And any very, very deep image of the universe, like the extremely deep field that was recently released by the Hubble Space Telescope, the deepest image that humanity has ever taken of the universe, shows us that the current universe is very, very lumpy. The gas is not evenly distributed. It is grouped. And the basic component of the universe is the galaxy. This is an image of what our galaxy, the Milky Way, would look like if we could get out of it. But, as I said before, we have never been outside our galaxy. Our children will not leave the galaxy and their great-great-grandchildren will not leave the galaxy.

Because it would take hundreds of thousands of years to travel this distance and look back, even traveling at the speed of light. And we are very far from achieving it at this point. So this is another galaxy, NGC 4414, that we think looks like our Milky Way. If we could leave the Milky Way and look back, this is what our galaxy would be like. Our galaxy is made up of a few hundred billion stars andgiant clouds of gas and dust. And those gigantic clouds of gas and dust are where new stars are born. Now, we don't see the Milky Way like that, we see it like that because we live inside it.

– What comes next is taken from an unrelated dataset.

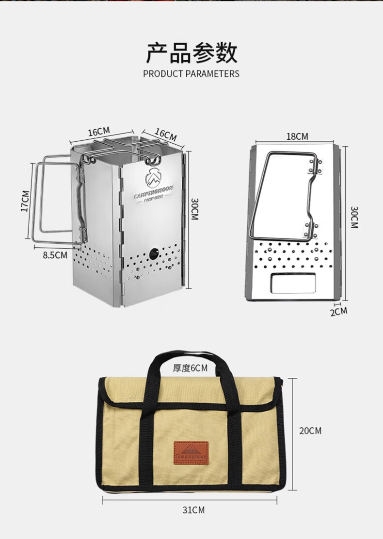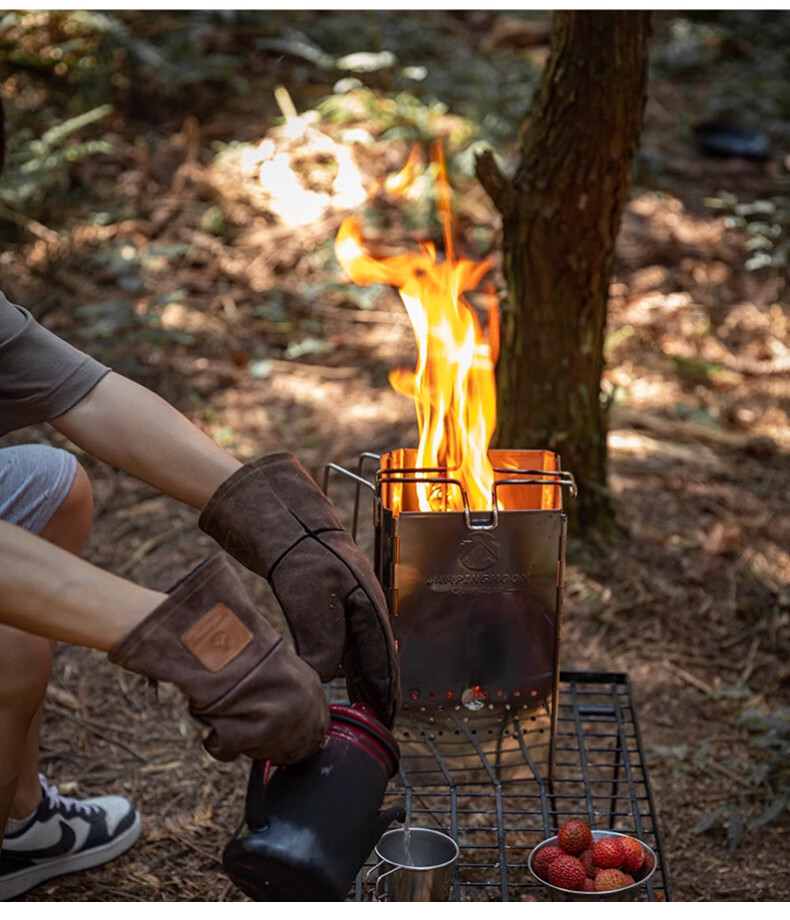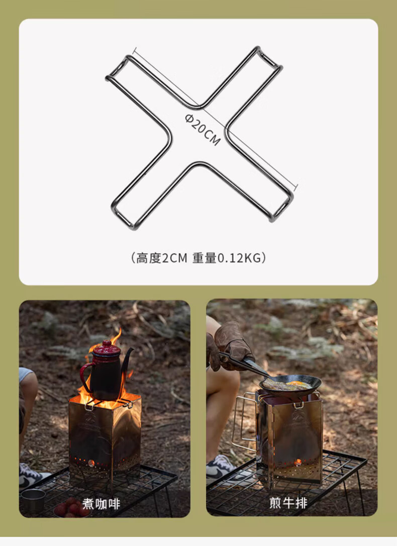Ti artisan/钛工匠户外不锈钢四方木柴炉子酒精炉便携炉灶灶台野外插卡式炉

It's like a giant pizza with a grapefruit in the middle. The grapefruit is a big lump down here, the pizza is the disk of material. But, because we live inside the pizza, in the middle of the pizza, about halfway down the center, when we look up at the constellation Sagittarius, we see the grapefruit in the center and then here's the rest of the pizza. around us. Everything you can see in the night sky, with one exception, is part of our Milky Way galaxy. These stars are in the Milky Way. It turns out that they are the stars above us.

These stars are in the Milky Way. Those are the stars that are below us. These are the stars that are in the Milky Way and that are around us. And of course, if you think about a thin pizza, if you live in the middle of a pizza, there's not a lot of pizza above you, there's not a lot of pizza under you, but there's a lot of pizza around you, which is why our galaxy It looks like a line that crosses the sky. In fact, the only thing you can see with the naked eye that isn't part of our galaxy is a faint, fuzzy object in the Andromeda constellation, right here.

And that faint, fuzzy object is another galaxy called the Andromeda Galaxy, about 2.4 million light years away from us. And I'm going to assume that here in the Hampton area they won't see that because of all the light pollution, they'll need to get out into a dark country sky to see the Andromeda galaxy. Within galaxies, the basic components of the universe are stars. And the stars are the next part of our story, like what happens to the elements. Stars are giant balls of hydrogen and helium gas. Our sun is a giant ball of hydrogen and helium gas.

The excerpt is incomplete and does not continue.